[Items listed in a dataset]
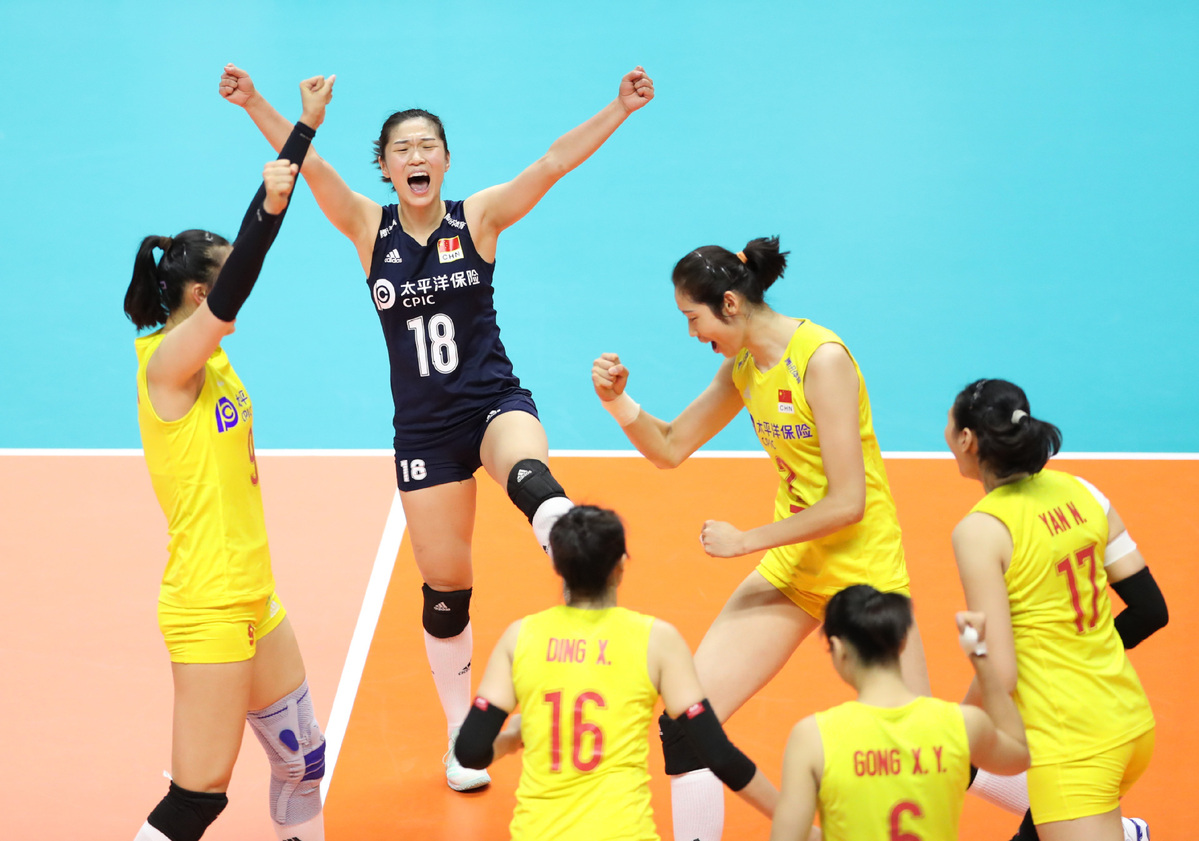 中国在2019年9月23日的国际排联女排世界杯中连续7场以3-0战胜美国。[摄影/新华社]
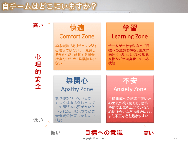 「心理的安全性」というワードが当時流行っており、取り入れようとしていましたが、その組織は、すでに心理的安全で言われる「ラーニングゾーン(※)」にいる状態でした。
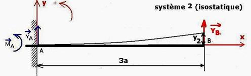 C-Etude du système 2 (poutre libérée de l’appui B remplacée par YB : force concentrée verticale, appliquée en B et orientée vers le haut):
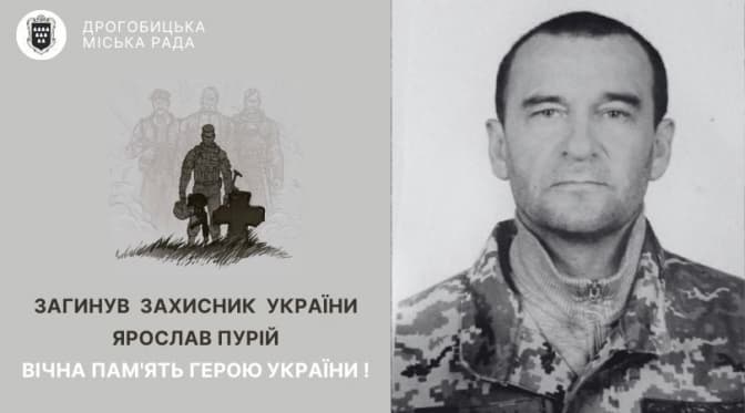 На війні загинув захисник України – дрогобичанин Ярослав Пурій, який шість з половиною років життя присвятив захисту рідної країни від ворога – в час АТО та під час повномасштабного вторгнення ворога. Про це повідомила пресслужба Дрогобицької міської ради.
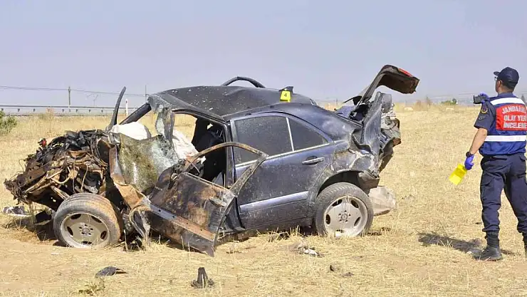 Karaman'da yoldan çıkan otomobil tarlaya takla attı. Otomobilin hurda yığınına döndüğü kazada 4 kişi yaralandı.
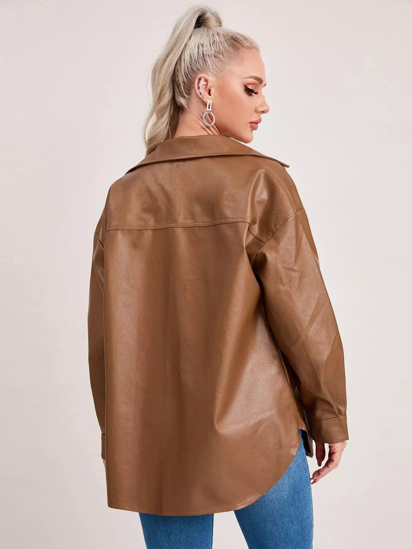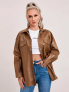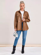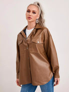 للنساء - معطف من جلد البولي يوريثان بجيب أمامي وكتف منسدل وجيب قلاب
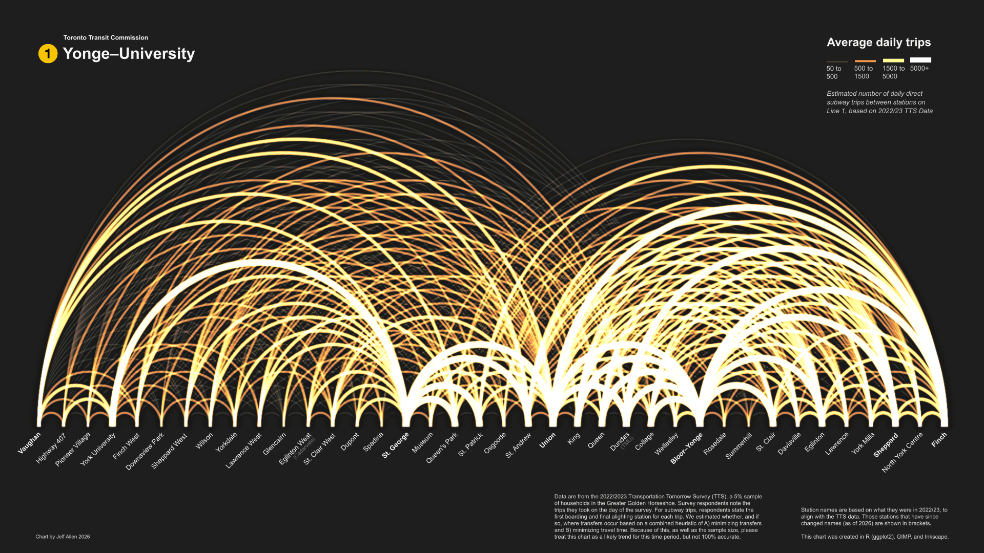 Specifically, data for this arc diagram are from the Transportation Tomorrow Survey (TTS). Survey respondents note the trips they took on the day of the survey. For subway trips, respondents state the first boarding and final alighting station for each trip. The TTS is approximately a 5% sample of households, so while not comprehensive, it does provide a good overview of travel patterns. The survey was conducted in two parts, one in Fall 2022 and another in Spring 2023, which were both used in this diagram.

WHAT TO DO
The lines from the start of the records above through the line that holds "C-Etude du système" are to be copied exactly, both ends included, and no pictures are to be copied.

ANSWER AREA
 中国在2019年9月23日的国际排联女排世界杯中连续7场以3-0战胜美国。[摄影/新华社]
 「心理的安全性」というワードが当時流行っており、取り入れようとしていましたが、その組織は、すでに心理的安全で言われる「ラーニングゾーン(※)」にいる状態でした。
 C-Etude du système 2 (poutre libérée de l’appui B remplacée par YB : force concentrée verticale, appliquée en B et orientée vers le haut):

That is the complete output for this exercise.